The CARE Principles establish that indigenous data belongs to the communities that produced it and must serve their collective benefit. Developed through international indigenous consultation and formalized by the Global Indigenous Data Alliance, the principles hold that communities have authority to control how their data is collected, stored, used, and shared; that data handlers bear responsibility to respect community governance; and that data use must align with indigenous ethical frameworks including cultural protocols and values. Applied to AI, CARE challenges the industry's standard practice of treating all available data as training material, asserting instead that indigenous knowledge requires indigenous consent and governance.
The CARE Principles emerged from decades of indigenous activism against exploitative research practices. Historically, researchers extracted knowledge from indigenous communities—collecting specimens, recording languages, documenting practices—and returned little or no benefit while often violating cultural protocols governing what knowledge could be shared and how. The resulting publications, museum collections, and databases became resources for Western institutions while the source communities remained impoverished. The biopiracy debates of the 1990s—when pharmaceutical companies patented compounds derived from traditional medicines without compensating or acknowledging indigenous knowledge-holders—catalyzed demands for indigenous control over biological and cultural resources. The CARE Principles extend this sovereignty claim into the digital domain.

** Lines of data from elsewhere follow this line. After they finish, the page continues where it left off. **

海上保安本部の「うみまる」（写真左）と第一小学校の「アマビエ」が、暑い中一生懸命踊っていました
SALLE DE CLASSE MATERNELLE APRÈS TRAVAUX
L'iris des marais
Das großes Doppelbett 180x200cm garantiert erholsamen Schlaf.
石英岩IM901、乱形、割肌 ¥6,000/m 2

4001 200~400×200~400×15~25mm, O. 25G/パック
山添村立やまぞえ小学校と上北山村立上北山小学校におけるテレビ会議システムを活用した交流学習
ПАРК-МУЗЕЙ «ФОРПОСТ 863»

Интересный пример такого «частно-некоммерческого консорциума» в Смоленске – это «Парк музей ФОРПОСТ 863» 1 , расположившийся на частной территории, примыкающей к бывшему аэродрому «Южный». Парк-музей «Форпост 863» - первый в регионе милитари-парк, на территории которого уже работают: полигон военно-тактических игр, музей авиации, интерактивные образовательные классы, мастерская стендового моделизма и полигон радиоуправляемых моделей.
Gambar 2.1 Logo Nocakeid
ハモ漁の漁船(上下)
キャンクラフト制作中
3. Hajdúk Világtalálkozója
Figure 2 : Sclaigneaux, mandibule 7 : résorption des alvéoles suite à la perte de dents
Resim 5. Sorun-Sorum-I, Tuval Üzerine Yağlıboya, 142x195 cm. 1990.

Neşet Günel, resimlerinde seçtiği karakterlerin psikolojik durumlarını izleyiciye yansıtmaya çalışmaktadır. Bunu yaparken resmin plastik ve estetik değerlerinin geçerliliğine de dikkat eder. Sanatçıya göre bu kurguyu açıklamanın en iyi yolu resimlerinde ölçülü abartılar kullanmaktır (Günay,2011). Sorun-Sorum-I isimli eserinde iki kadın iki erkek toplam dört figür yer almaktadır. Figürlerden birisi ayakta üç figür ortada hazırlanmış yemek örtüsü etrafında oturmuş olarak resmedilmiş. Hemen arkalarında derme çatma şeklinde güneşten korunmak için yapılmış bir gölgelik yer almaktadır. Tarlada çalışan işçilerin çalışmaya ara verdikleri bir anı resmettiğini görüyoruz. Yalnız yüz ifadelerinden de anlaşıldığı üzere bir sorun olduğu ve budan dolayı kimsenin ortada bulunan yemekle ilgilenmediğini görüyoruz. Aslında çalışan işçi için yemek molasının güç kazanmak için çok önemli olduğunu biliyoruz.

The principles directly challenge the open-data movement's assumption that making data freely available maximizes social benefit. For indigenous communities, unrestricted data availability can cause harm: sacred knowledge disclosed inappropriately, cultural practices misrepresented, community-held knowledge appropriated for commercial gain without consent. The CARE framework insists that some data should not be open—that communities have the right to maintain boundaries around their knowledge, to determine who may access it and for what purposes, and to ensure that use serves collective benefit rather than external extraction. This position conflicts with the AI industry's appetite for comprehensive training data, creating a governance tension that current policy frameworks have not resolved.
Ramesh Srinivasan's application of CARE to AI development emerged from his fieldwork with Zuni Pueblo and communities in Oaxaca. He documented how digital systems designed without indigenous input systematically failed to accommodate indigenous knowledge forms—oral traditions, communal ownership, sacred protocols, relational epistemologies. The CARE Principles provided a governance framework for what his ethnography revealed: that indigenous communities possess sophisticated knowledge about domains—ecology, agriculture, medicine, astronomy—that AI systems claim to address, and that including this knowledge requires not extraction but partnership, not data-scraping but negotiated collaboration governed by indigenous authority.
The tension between CARE and current AI practice is structural. Large language models depend on massive training corpora assembled by scraping available text. Obtaining indigenous community consent for every piece of knowledge embedded in these corpora would require a development process fundamentally different from the current industrial model—slower, more expensive, legally complex, and respectful of communities' right to refuse. The AI industry has not demonstrated willingness to accept these constraints. The resulting impasse reveals that the industry's commitment to inclusion is conditional: communities are welcome to benefit from AI tools provided they do not demand governance authority over the knowledge that makes those tools possible.
The CARE Principles for Indigenous Data Governance were developed through a multi-year international consultation process led by the Global Indigenous Data Alliance, formalized at the International Data Week conference in Botswana in 2018. The principles built on earlier frameworks including the United Nations Declaration on the Rights of Indigenous Peoples (2007) and decades of indigenous resistance to extractive research. Tahu Kukutai (Māori) and John Taylor were instrumental in the development process. Ramesh Srinivasan's contributions included empirical documentation of digital colonialism and advocacy for extending data sovereignty into technology design processes. The principles have been adopted by research institutions, funding agencies, and indigenous organizations worldwide as a governance standard for research involving indigenous communities.
Collective benefit, not extraction. Data use must produce value for indigenous communities—not merely avoid harm, but actively contribute to community-defined goals and priorities.
Authority to control. Communities possess the right to determine data collection methods, access conditions, use permissions, and benefit-sharing arrangements—a governance authority that supersedes researchers' or corporations' claims.
Responsibility to respect protocols. Data handlers bear obligations to honor indigenous cultural protocols, decision-making processes, and ethical frameworks governing knowledge transmission and use.
Ethics grounded in indigenous values. Data governance must align with indigenous definitions of right relationship, reciprocity, and collective wellbeing rather than defaulting to Western ethical frameworks.
Challenge to AI's extractive model. Applied to artificial intelligence, CARE requires that indigenous knowledge cannot be scraped and processed without community consent—a demand that conflicts with the industry's current training-data practices and forces a reckoning with whose knowledge the amplifier was built to serve.